A classic story among brands running through a fulfiller: a new batch of stock is on its way, and nobody knows precisely when they can start selling again.
You've put a container on a ship. Okay, arrival date is fixed. But when it's unloaded, counted, booked in, and placed in the right location — that's another story. It can take a day. It can take a week. At busy times, two weeks.
Meanwhile: your marketing is queued up, your ads are waiting, your cash flow depends on it.
What we built
We now pull inbound data from our 3PL partners and layer forecasts on top. For every expected shipment, brands see in their admin:
- When the shipment is expected to arrive at the fulfiller
- When it is projected to be booked in (and therefore sellable)
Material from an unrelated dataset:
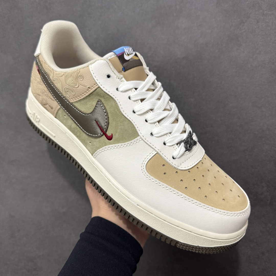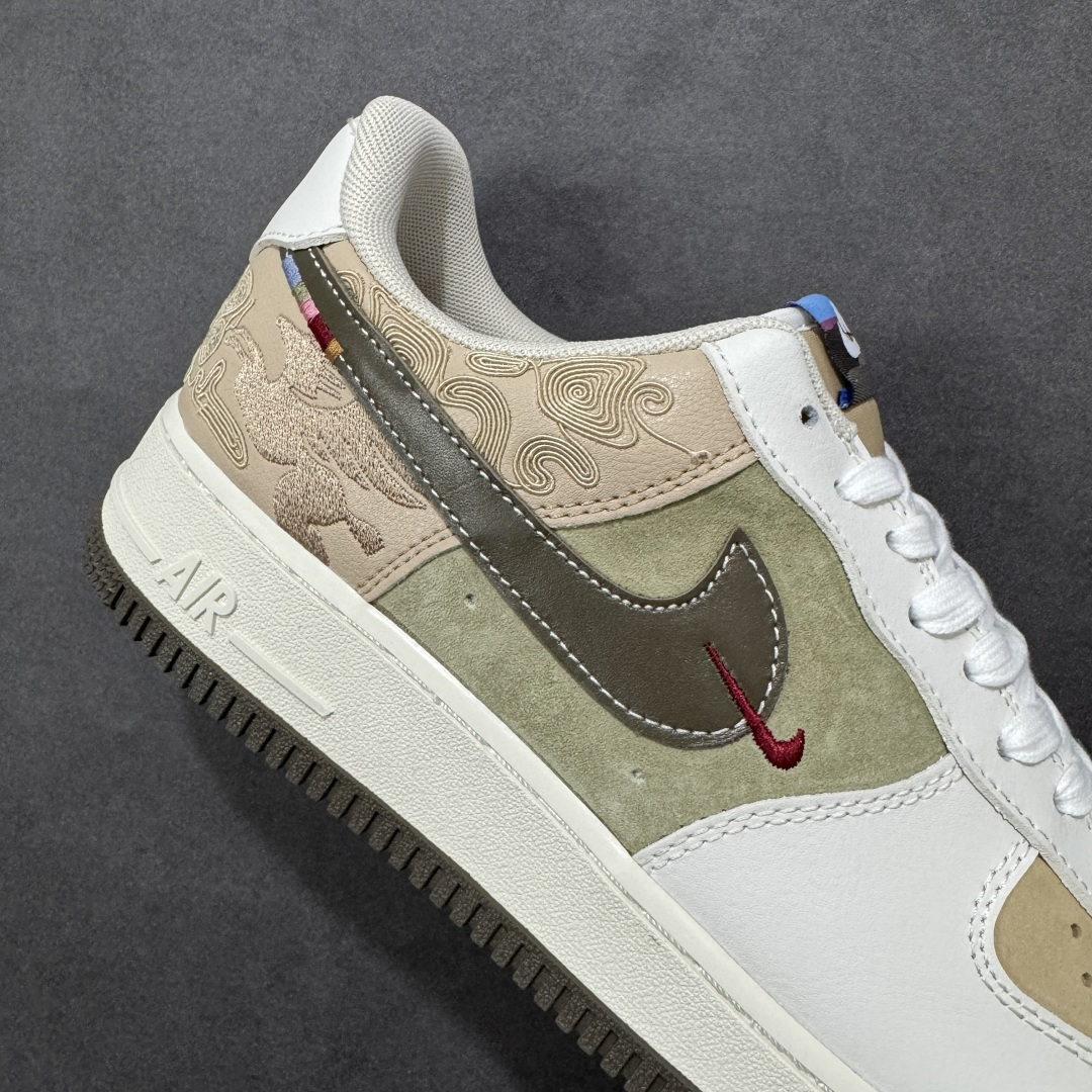 定制版 国风美学拉满的Nike AF1太绝了 米白主调搭卡其 军绿低饱和撞色 鞋身祥云纹浮雕肌理感十足 龙马金属挂坠更是把东方韵味焊在鞋上 头层皮拼接麂皮的材质组合 摸得到的高级质感 经典Air气垫加持踩出软弹脚感 不管搭休闲装还是工装风 出街都能稳站C位

- How much uncertainty sits in that projection
The forecast isn't magic. We look at historical turnaround times per fulfiller, per season, per volume. We factor in public holidays. We watch the fulfiller's current workload. And we let brands approve or adjust the forecast, so it becomes a commitment rather than a guess.
Connected to cash flow
The real payoff: we feed this forecast into the cash flow projection in our admin. If you know when your stock becomes sellable, you can model when you'll actually generate revenue from it. For brands on a tight cash flow — and that's plenty of brands at our scale — that's the difference between reordering now or waiting.
Supply chain forecasting, for smaller players
This is the kind of feature brands assume only enterprise players do. SAP. Oracle. Large ERP suites with consultants on retainer. But you don't need those to do it well. What you need: the right data (from your fulfiller), a place to bring that data together (that's us), and a few sensible rules to turn it into something useful.
What we took from building it
Most "AI forecasting" stories in e-commerce are, if you look closely, just well-structured data plus a handful of reasonable heuristics. No black box, no magic. Just: data that always existed, finally in the right place, with someone who took the time to draw conclusions from it.
That's what we did here. And it works surprisingly well.